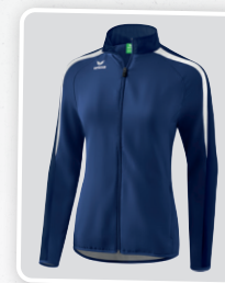
MODÈLE DE DAMES
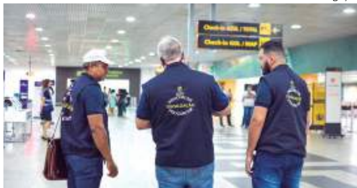
Órgão informou que clientes devem estar cientes de seus direitos

Consumidores que buscam adquirir pacotes de viagens e reservas de hospedagem, visando garantir uma experiência segura e satisfatória para curtir o Réveillon, estão sendo orientados pelo Instituto de Defesa do Consumidor do Amazonas (Procon-AM).
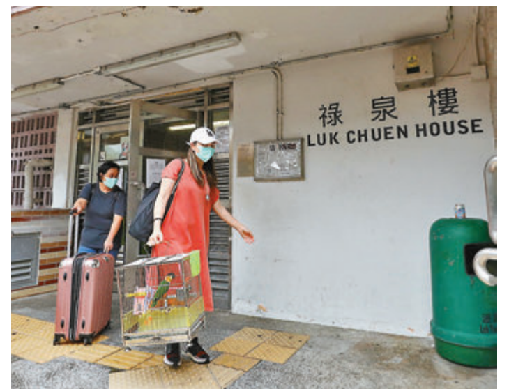
▲有居民拖着行李箱暫時遷離。
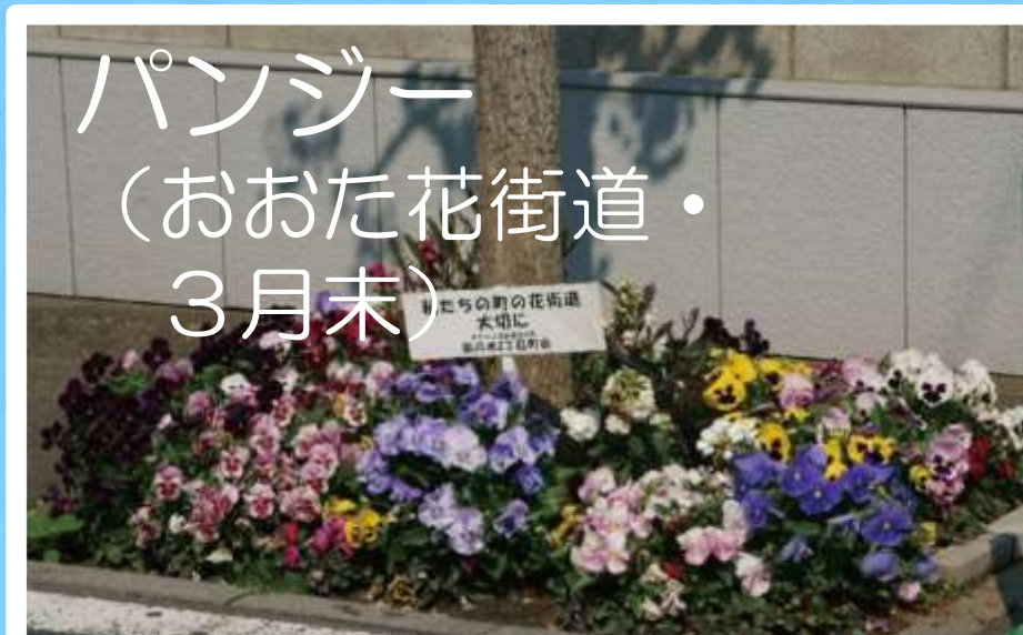
パンジー (おおた花街道・ 3月末)
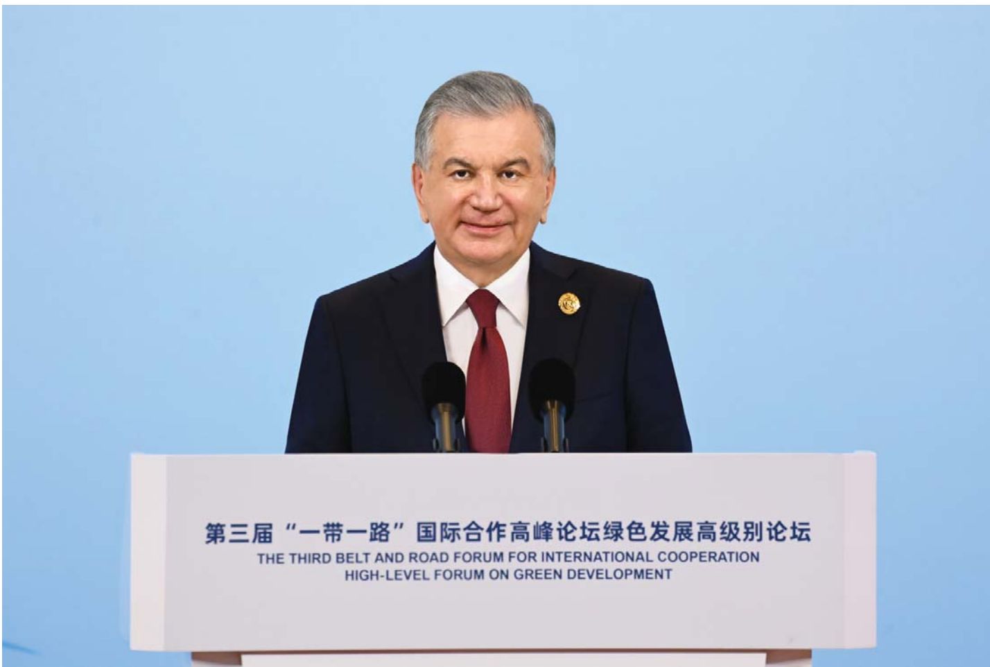
Третье «Один пояс, один путь» Международное сотрудничество на высшем уровне THE THIRD BELT AND ROAD FORUM FOR INTERNATIONAL COOPERATION HIGH-LEVEL FORUM ON GREEN DEVELOPMENT

Президент Республики Узбекистан Шавкат Мирзиёев по приглашению Председателя Китайской Народной Республики Си Цзиньпина 17—18 октября посетил город Пекин для участия в третьем Международном форуме «Один пояс, один путь».
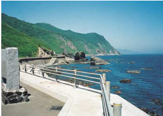
白神岬から見た国道228号

この道は、松前藩の成立以前から、細い踏み分け道があったとされる。また、千軒岳の周辺では、慶長年間（一六一〇年ころ）に砂金が発見されて以来、空前のゴールドラッシュが起きた。本州各地から江差、松前などに渡ってきた
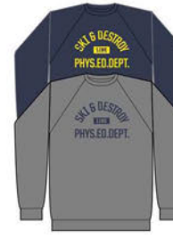
PHYSICAL EDUCATION CREW COLORS: COOL GRAY NAVY ¥8,800 (税込)
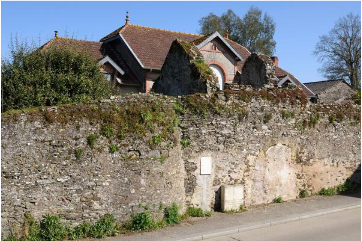
Vue du mur de clôture et vestige d'une tourelle depuis l'ouest.
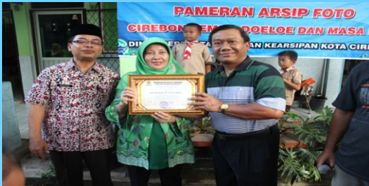
Go To school arsip Penyuluhan Arsip ke Satuan Pendidikan Melihat Foto sejarah-sejarah Cirebon Di SDN karang Yudha Kota Cirebon
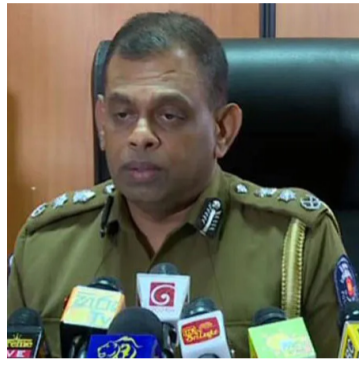
தவிர்க்கக்கூடும். எனவே, சட்டங்களை கடைப்பிடித்து சுற்றுலாப் பயணிகளுக்கு அமைதியான சூழலை ஏற்படுத்தி கொடுப்பது மிகவும் அவசியமாகும்-என்றார். (அ)

எனவே, சட்டங்களை கடைப்பிடித்து சுற்றுலாப் பயணிகளுக்கு அமைதியான சூழலை ஏற்படுத்தி கொடுப்பது மிகவும் அவசியமாகும்-என்றார். (அ)
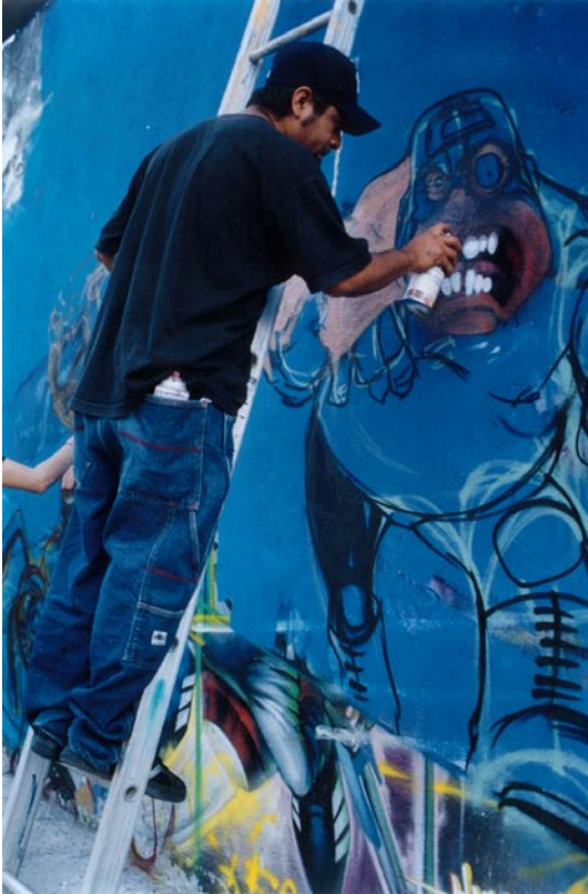
FOTOGRAFÍA 6: Humo en movimiento

Humo comienza a detallar uno de los caractereres que conforman el mural straight pintado en la calle Marcelino Absalón de la Colonia Ampliación Santa Martha de la Delegación Iztapalapa en la Ciudad de México.
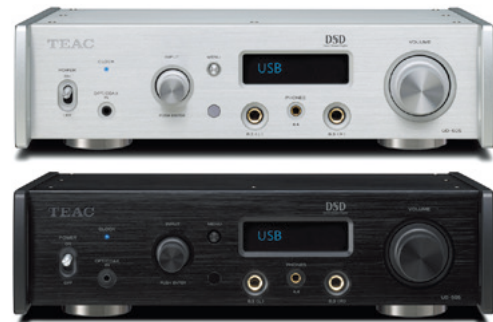
DSD Direct Stream Digital シルバー(S) ブラック(B)
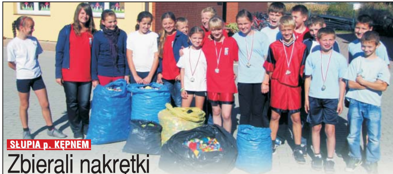
SŁUPIA p. KEPNEM
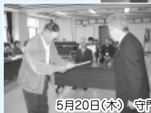
5月20日(木) 守門庁舎にて
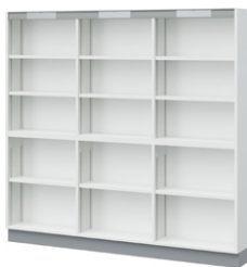
■垂直5段書架 NBP-150A-751 ¥303,000 Ⓞ 外寸法 / W1800×D240×H1700 樹脂コート化粧パーティクルボード 質量:93kg
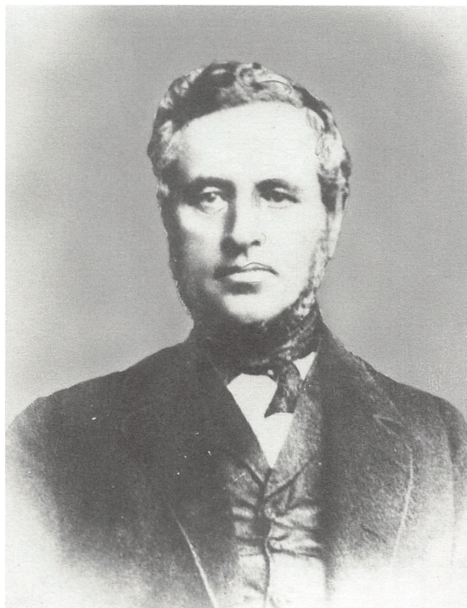
Mathias Warming har lagt navn til Warmingsgade i Kolding.
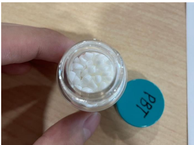
說明：廠區提供研發成品讓師生近距離觀察
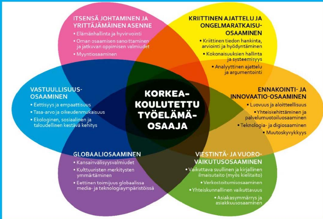
Kuva 1. Yleiset, kaikille tutkinnoille yhteiset työelämävalmiudet.
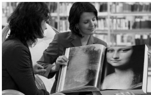
Krajská knihovna Karlovy Vary

Nadace podporuje například vyšetření dárců kostní dřeně pro Český národní registr dárců kostní dřeně v Plzni, Klub českých turistů a jeho cyklotrasy, program protidrogové prevence v Karlovarském kraji či vznik multifunkčního centra vzdělávání a nákup knihovního fondu Krajské knihovny Karlovy Vary.
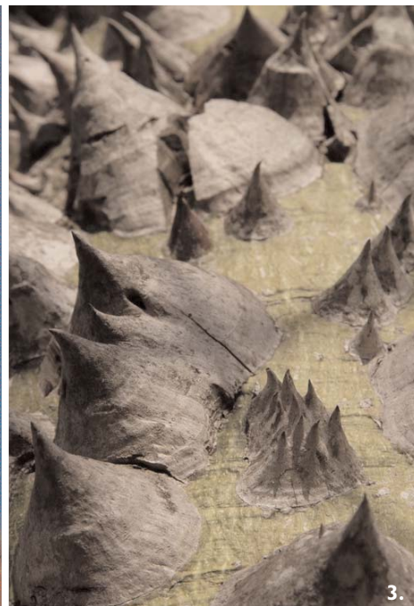
1. UN RIZO NATURAL EN LA HOJA DE UN PEHUAJO. 2. LORO HABLADOR, UNA ESPECIE EN RETROCESO NUMÉRICO POR SU CAPTURA ILEGAL COMO MASCOTA DE COMPAÑÍA. 3. TRONCO DEL PALO BORRACHO DE FLOR ROSADA O SAMOHU. 4. TATU BOLA , EL ÚNICO ARMADILLO CAPAZ DE CERRARSE TOTALMENTE SOBRE SI MISMO, CONVIRTIÉNDOSE EN UNA FORTALEZA INEXPUGNABLE PARA SUS PREDADORES.

De esta manera el Chaco Húmedo se caracteriza por la presencia de densos bosques o selvas en galería que acompañan a los ríos, palmares con pastizales en las zonas altas, y una variadísima vegetación que puebla los ambientes acuáticos.

◆ ◆ ◆

*What the task requires*
Copy the entries above exactly, but only the stretch from the line containing "Go To school" through the line containing "1. UN RIZO NATURAL". Keep both end lines; drop the pictures.

*Task solution*
Go To school arsip Penyuluhan Arsip ke Satuan Pendidikan Melihat Foto sejarah-sejarah Cirebon Di SDN karang Yudha Kota Cirebon
தவிர்க்கக்கூடும். எனவே, சட்டங்களை கடைப்பிடித்து சுற்றுலாப் பயணிகளுக்கு அமைதியான சூழலை ஏற்படுத்தி கொடுப்பது மிகவும் அவசியமாகும்-என்றார். (அ)

எனவே, சட்டங்களை கடைப்பிடித்து சுற்றுலாப் பயணிகளுக்கு அமைதியான சூழலை ஏற்படுத்தி கொடுப்பது மிகவும் அவசியமாகும்-என்றார். (அ)
FOTOGRAFÍA 6: Humo en movimiento

Humo comienza a detallar uno de los caractereres que conforman el mural straight pintado en la calle Marcelino Absalón de la Colonia Ampliación Santa Martha de la Delegación Iztapalapa en la Ciudad de México.
DSD Direct Stream Digital シルバー(S) ブラック(B)
SŁUPIA p. KEPNEM
5月20日(木) 守門庁舎にて
■垂直5段書架 NBP-150A-751 ¥303,000 Ⓞ 外寸法 / W1800×D240×H1700 樹脂コート化粧パーティクルボード 質量:93kg
Mathias Warming har lagt navn til Warmingsgade i Kolding.
說明：廠區提供研發成品讓師生近距離觀察
Kuva 1. Yleiset, kaikille tutkinnoille yhteiset työelämävalmiudet.
Krajská knihovna Karlovy Vary

Nadace podporuje například vyšetření dárců kostní dřeně pro Český národní registr dárců kostní dřeně v Plzni, Klub českých turistů a jeho cyklotrasy, program protidrogové prevence v Karlovarském kraji či vznik multifunkčního centra vzdělávání a nákup knihovního fondu Krajské knihovny Karlovy Vary.
1. UN RIZO NATURAL EN LA HOJA DE UN PEHUAJO. 2. LORO HABLADOR, UNA ESPECIE EN RETROCESO NUMÉRICO POR SU CAPTURA ILEGAL COMO MASCOTA DE COMPAÑÍA. 3. TRONCO DEL PALO BORRACHO DE FLOR ROSADA O SAMOHU. 4. TATU BOLA , EL ÚNICO ARMADILLO CAPAZ DE CERRARSE TOTALMENTE SOBRE SI MISMO, CONVIRTIÉNDOSE EN UNA FORTALEZA INEXPUGNABLE PARA SUS PREDADORES.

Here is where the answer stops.